(Records from a data source)
☆ ☆ ☆ ☆

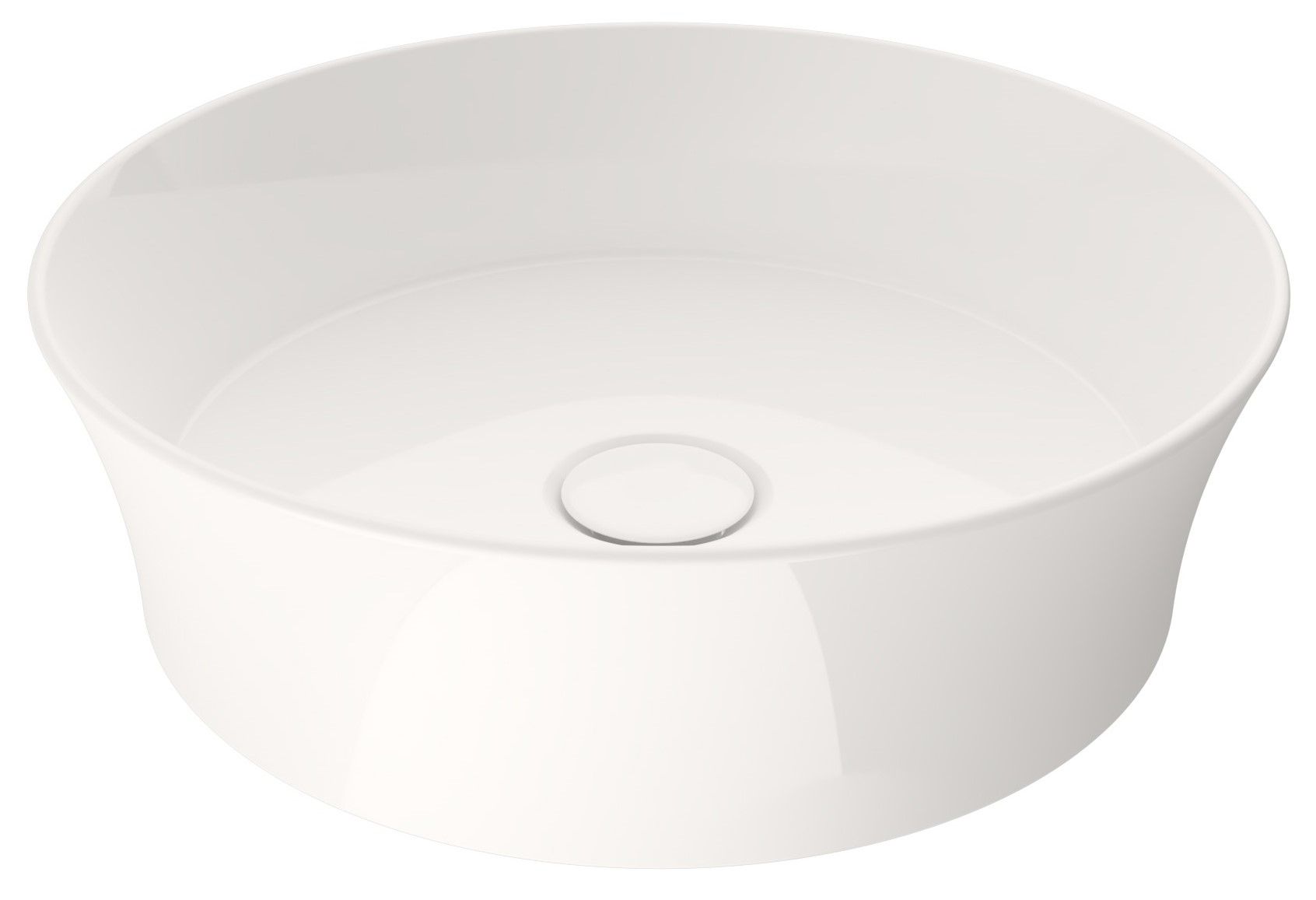 Накладная раковина из санфарфора Berges Ego SL диаметром 38 см.Высота 11,5 см.Круглой формы, без отверстия под смеситель, глянцевая белая.
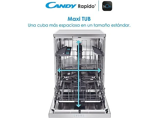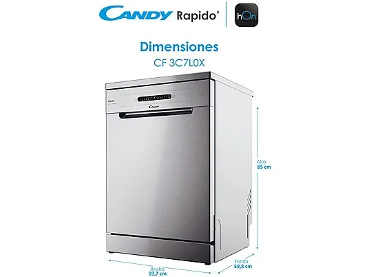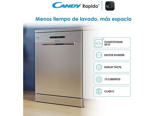 Lavavajillas – Candy Rapido’ CF 3C7L0X, 13 servicios, 5 programas, 60 cm, Motor Inverter, Wi-Fi, Inox
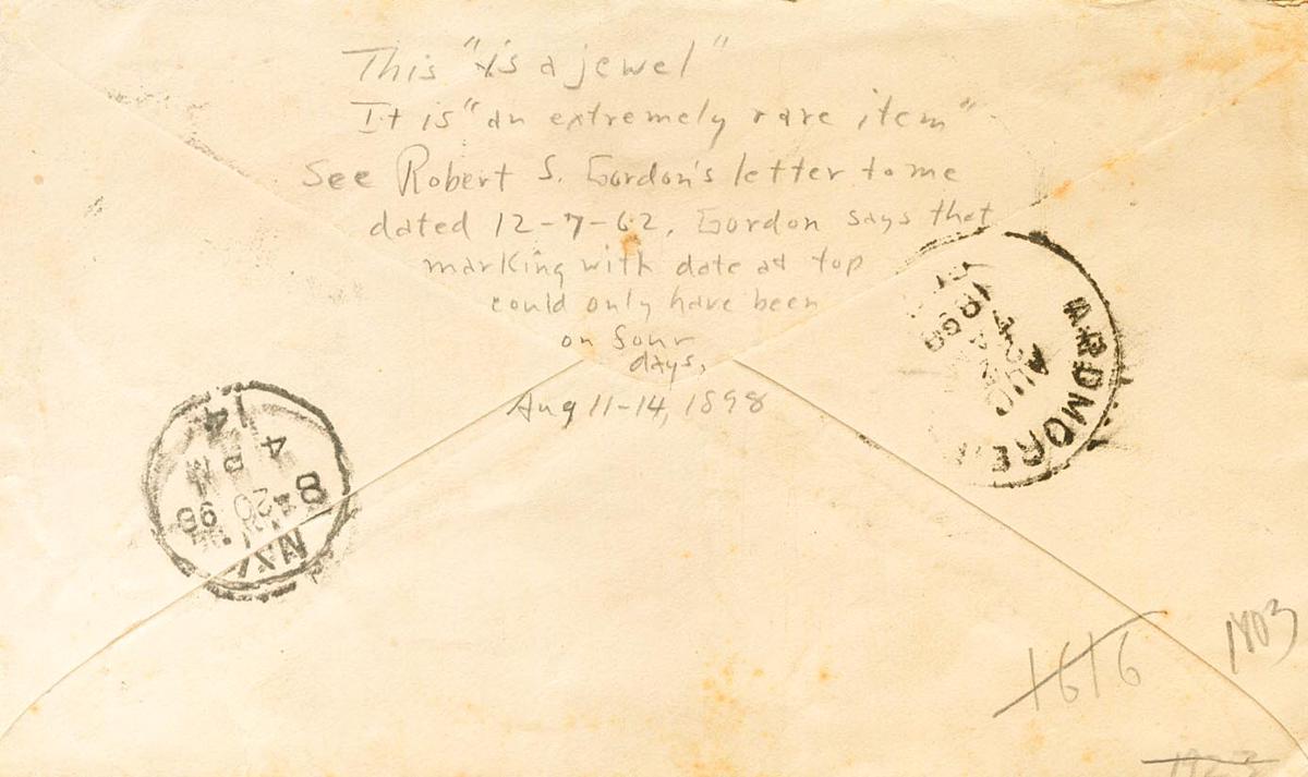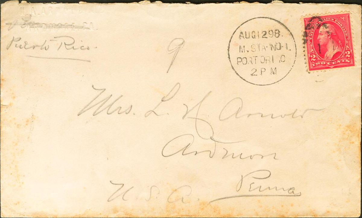 1898. 2 ctvos rosa de Estados Unidos. PUERTO RICO a ARDMORE (U.S.A.). Matasello dúplex M.STA.Nº1 / PORTO RICO / 1, al dorso llegada. MAGNIFICA Y RARA.
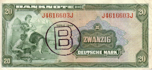 Die in West-Berlin umlaufenden neuen DM-Scheine erhielten ein großes B für Berlin aufgedruckt oder eine aus diesem Buchstaben gebildete Perforation. Die 1948 ausgegebenen Geldscheine wiesen noch keinen Herausgeber aus, sie waren auch vielfältigen Fälschungsversuchen ausgesetzt und fanden wegen künstlerischer Anleihen an US-amerikanische Vorbilder wenig Beifall. Deshalb war es nur eine Frage der Zeit, dass die am 1. März 1948 in Frankfurt am Main als Nachfolgerin der Reichsbank und als Vorläuferin der Deutschen Bundesbank gegründete Bank deutscher Länder eigene Noten drucken ließ. Um Fälschern das Handwerk zu legen und den Scheinen ein repräsentatives Aussehen zu geben, dienten den Gestaltern Porträts alter Meister als Vorlagen. Wie man schon in der Zeit der Weimarer Republik wusste, hat man bekannte Bildnisse ausgewählt, weil sie sich schwer nachahmen ließen, und so hat man bis zum Ende der Deutschen Mark im Jahr 2002 immer wieder Porträts auf den Geldscheinen abgebildet. Alle die frühen Banknoten und das Hartgeld der Bundesrepublik Deutschland werden regelmäßig vom Münzhandel angeboten. Manche Ausgaben sind selten und teuer, vor allem wenn es sie in tadellosem Zustand angeboten werden. Das gilt auch für bestimmte Geldscheine und Münzen der DDR.
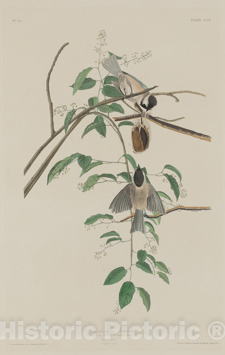 Audubon, Birds of America, Black-capped Titmouse, 1848 : Art Print

☆ ☆ ☆ ☆

Keep every word of the records and none of the pictures when you print them again.

 Накладная раковина из санфарфора Berges Ego SL диаметром 38 см.Высота 11,5 см.Круглой формы, без отверстия под смеситель, глянцевая белая.
 Lavavajillas – Candy Rapido’ CF 3C7L0X, 13 servicios, 5 programas, 60 cm, Motor Inverter, Wi-Fi, Inox
 1898. 2 ctvos rosa de Estados Unidos. PUERTO RICO a ARDMORE (U.S.A.). Matasello dúplex M.STA.Nº1 / PORTO RICO / 1, al dorso llegada. MAGNIFICA Y RARA.
 Die in West-Berlin umlaufenden neuen DM-Scheine erhielten ein großes B für Berlin aufgedruckt oder eine aus diesem Buchstaben gebildete Perforation. Die 1948 ausgegebenen Geldscheine wiesen noch keinen Herausgeber aus, sie waren auch vielfältigen Fälschungsversuchen ausgesetzt und fanden wegen künstlerischer Anleihen an US-amerikanische Vorbilder wenig Beifall. Deshalb war es nur eine Frage der Zeit, dass die am 1. März 1948 in Frankfurt am Main als Nachfolgerin der Reichsbank und als Vorläuferin der Deutschen Bundesbank gegründete Bank deutscher Länder eigene Noten drucken ließ. Um Fälschern das Handwerk zu legen und den Scheinen ein repräsentatives Aussehen zu geben, dienten den Gestaltern Porträts alter Meister als Vorlagen. Wie man schon in der Zeit der Weimarer Republik wusste, hat man bekannte Bildnisse ausgewählt, weil sie sich schwer nachahmen ließen, und so hat man bis zum Ende der Deutschen Mark im Jahr 2002 immer wieder Porträts auf den Geldscheinen abgebildet. Alle die frühen Banknoten und das Hartgeld der Bundesrepublik Deutschland werden regelmäßig vom Münzhandel angeboten. Manche Ausgaben sind selten und teuer, vor allem wenn es sie in tadellosem Zustand angeboten werden. Das gilt auch für bestimmte Geldscheine und Münzen der DDR.
 Audubon, Birds of America, Black-capped Titmouse, 1848 : Art Print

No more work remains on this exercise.